JAKARTA, KOMPAS.com - Rumah di kawasan Kalibata, Jakarta Selatan itu penuh dengan tamu yang hendak melayat pada 29 April 1991. Mereka hendak menyampaikan doa dan memberi penghormatan terakhir kepada Prof. Dr. Julie Sulianti Saroso yang wafat di Rumah Sakit Tebet, Jakarta Selatan, setelah terjatuh di kamar mandi.
Jasad sang profesor dimasukkan ke liang lahat pada 30 April 1991 di taman pemakaman umum Karet Bivak, Jakarta Pusat dengan upacara militer dipimpin inspektur upacara Menkes dr Adhyatma, MPH., seperti dikutip dari surat kabar Kompas edisi 2 Mei 1991.
Rosihan Anwar dalam artikel di surat kabar Kompas edisi 3 Mei 1991 menuliskan kenangan tentang Syuul, panggilan akrab Sulianti.
Syuul adalah anak dr Sulaiman yang lahir di Karangasem, Bali, pada 10 Mei 1917. Dia lantas merantau ke Bandung dan belajar di sekolah Gymnasium sampai lulus pada 1935.

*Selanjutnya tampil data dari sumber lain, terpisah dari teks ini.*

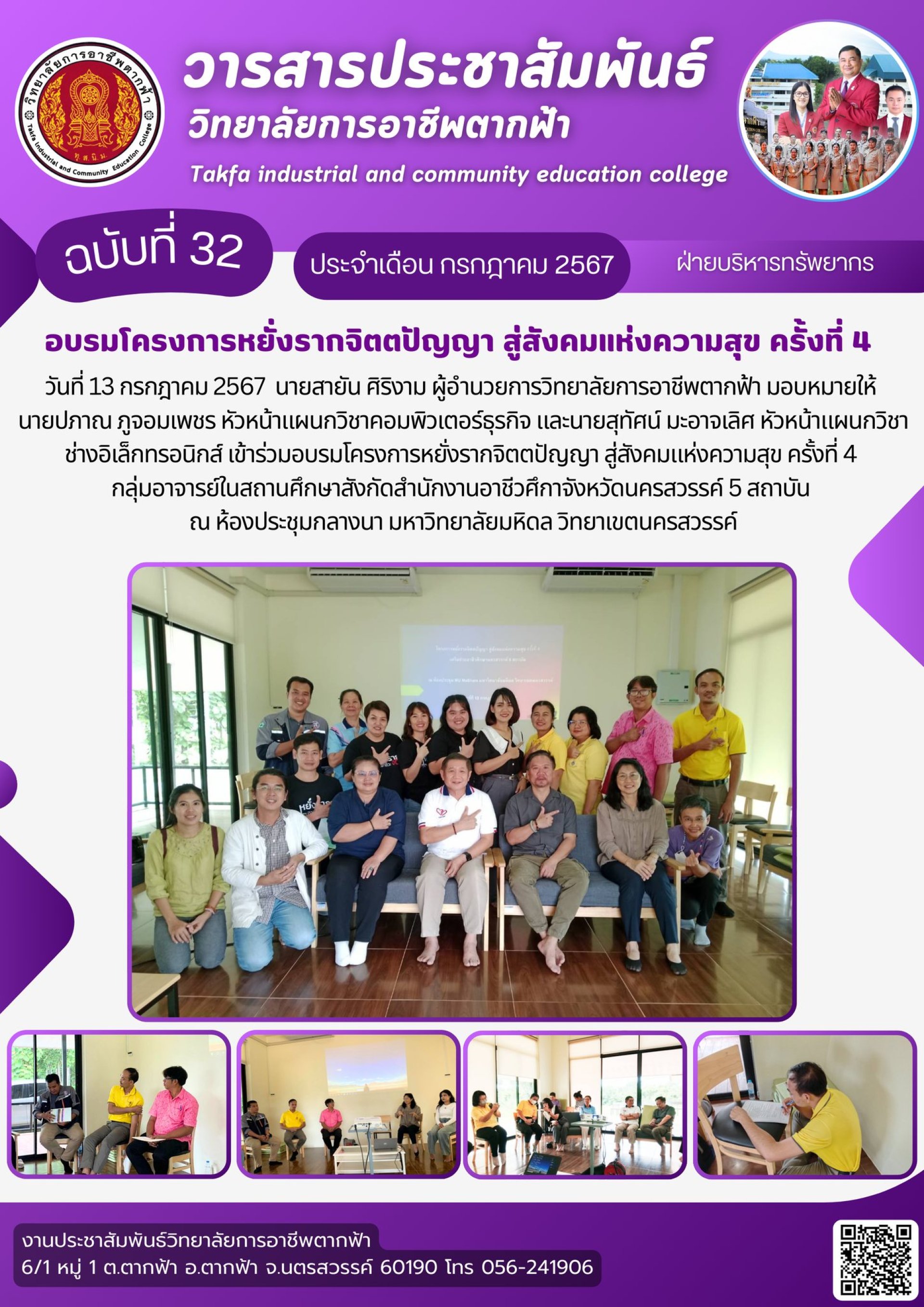 วารสารตากฟ้า ประจำเดือน กรกฎาคม 2567 ฉบับที่ 32 อบรมโครงการหยั่งรากจิตตปัญญา สู่สังคมแห่งความสุข ครั้งที่ 4

Setelah itu, Syuul mengikuti jejak ayahnya dengan masuk ke Sekolah Tinggi Kedokteran Geneeskundige Hoge School-GHS) di Batavia. Dia kemudian lulus pada 1942 dan bekerja sebagai dokter pada Centrale Burgelijke Ziekenhuis (CBZ, kini Rumah Sakit Dr. Cipto Mangunkusomo).
Di masa kolonial tidak banyak jumlah dokter wanita Indonesia dan Syuul termasuk yang menonjol. Sebagai mahasiswa kedokteran ia menarik perhatian, karena cantik, lincah dalam pergaulan dan cakap dalam olah raga karena gemar bermain tenis.
Memang saat itu tidak mudah bagi golongan Bumiputra untuk bisa masuk sekolah kedokteran. Syuul mendapat keistimewaan karena keluarganya dianggap terpandang atau kelompok elite.
Menurut penuturan seorang wartawan surat kabar De Java Bode, kata Rosihan, Syuul disebut dengan istilah de Javaanse elite in Batavia seperti keluarga dr Oerip, dr Latip atau de regenten families van Bandung, Buitenzorg, Cianjur yang sosialisasi mereka dijepret oleh fotograf dan dimuat dalam majalah Belanda De Orient.
Pada masa itu, kata Rosihan, Syuul tidak banyak menaruh minat pada persoalan politik. Namun, keadaan itu berubah dengan datangnya zaman pendudukan Jepang dan setelah berlangsung Perang Kemerdekaan (1945-1949).
Dalam masa perjuangan, Syuul di samping jadi dokter di RS Bethesda di Yogyakarta di bangsal penyakit dalam dan penyakit anak, juga aktif dalam pergerakan, menjadi anggota dewan pimpinan Kongres Wanita Indonesia (Kowani) dan duduk dalam Badan Kongres Pemuda Republik Indonesia sebagai wakil Pemuda Putri Indonesia (PPI).
Syuul mengusahakan obat dan makanan untuk para pemuda dan pejuang dan dia sendiri mengantarkannya ke Tambun (Jawa Barat), Gresik, Demak dan sekitar Yogyakarta.
Pada 1947 Syuul dikirim ke India untuk menghadiri Kongres Wanita Seluruh India sebagai wakil Kowani bersama dengan Ny Utami Suryadarma. Ia menumpang pesawat terbang kepunyaan pengusaha India Biju Patnaik yang pada masa itu menjadi blockade runner, menembus blokade yang dipasang oleh Belanda.
Syuul kembali pada Juli 1948, dari New Delhi ke Bukittinggi, menuju Yogyakarta, bersama Suparto dan sekretarisnya Suripno. Syuul waktu itu tidak mengetahui bahwa Suparto sesungguhnya adalah Muso yang segera setibanya di Yogya membubarkan Front Demokrasi Rakyat (FDR) dan mengaktifkan Partai Komunis Indonesia (PKI). Sepak terjang Muso berakhir dalam Pemberontakan di Madiun September 1948 yang ditumpas oleh Pemerintah RI dan pada tewasnya Muso.
Mentor Syuul dalam pendidikan politik pada tahun-tahun itu adalah Subadio Sastrosatomo, anggota Badan Pekerja KNIP (Komite Nasional Indonesia Pusat), kemudian ketua fraksi Partai Sosialis Indonesia (PSI) dalam Parlemen. Saat itu dia sempat disindir karena pengetahuannya tentang politik yang dianggap minim.
"Ibu saya, wanita biasa, lebih tahu politik daripada kau, Syuul," ujar Subadio.